= Thomas Klockgether =

Thomas Klockgether is a German neurologist who has worked in clinical research and neurodegenerative diseases. He has held academic and research positions, including serving as the Director of Clinical Research at the German Center for Neurodegenerative Diseases (DZNE) and as Professor and Chair of Neurology at the University of Bonn.

==Education ==

Klockgether studied medicine at the University of Göttingen from 1974 to 1980. He later pursued specialization in neurology, earning his board certification at the Department of Neurology, University of Tübingen, between 1987 and 1991. In 1991, he completed his habilitation at the University of Tübingen.

==Career==
From 1987 to 1991, Klockgether trained in neurology at the University of Tübingen, where he expanded his research to include degenerative ataxias while continuing his work on Parkinson's disease.

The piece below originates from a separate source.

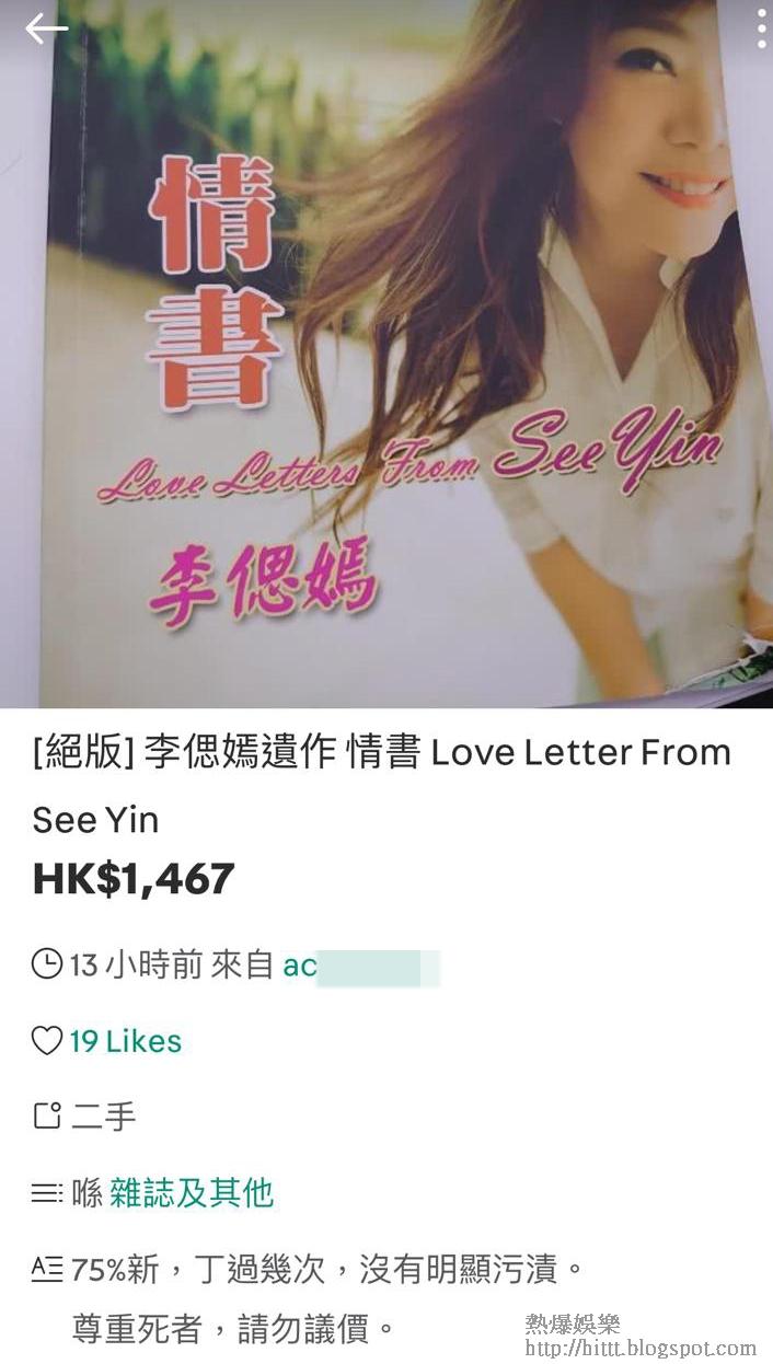 一夜間,李偲嫣的刊物忽然被人掟上網賣,包括絕版扇及《情書》寫真集,見賣家開價幾狼死,由$400至$1467放售,更有一位有趣的買家上網徵書自用收$8,964一本,看來他對私煙BB確是「情比金堅」。

In 1991, he obtained board certification in neurology and was appointed senior physician and lecturer at the University of Tübingen.

In 1998, he became Professor and Chair of Neurology at the University of Bonn, a position he held until 2024. From 2008 to 2011, he served as the Dean of the Medical Faculty at the University of Bonn. In 2011, he became the Director of Clinical Research at the German Center for Neurodegenerative Diseases (DZNE), a role he held until 2024. Between 2004 and 2008, he was also a section editor for Experimental Neurology.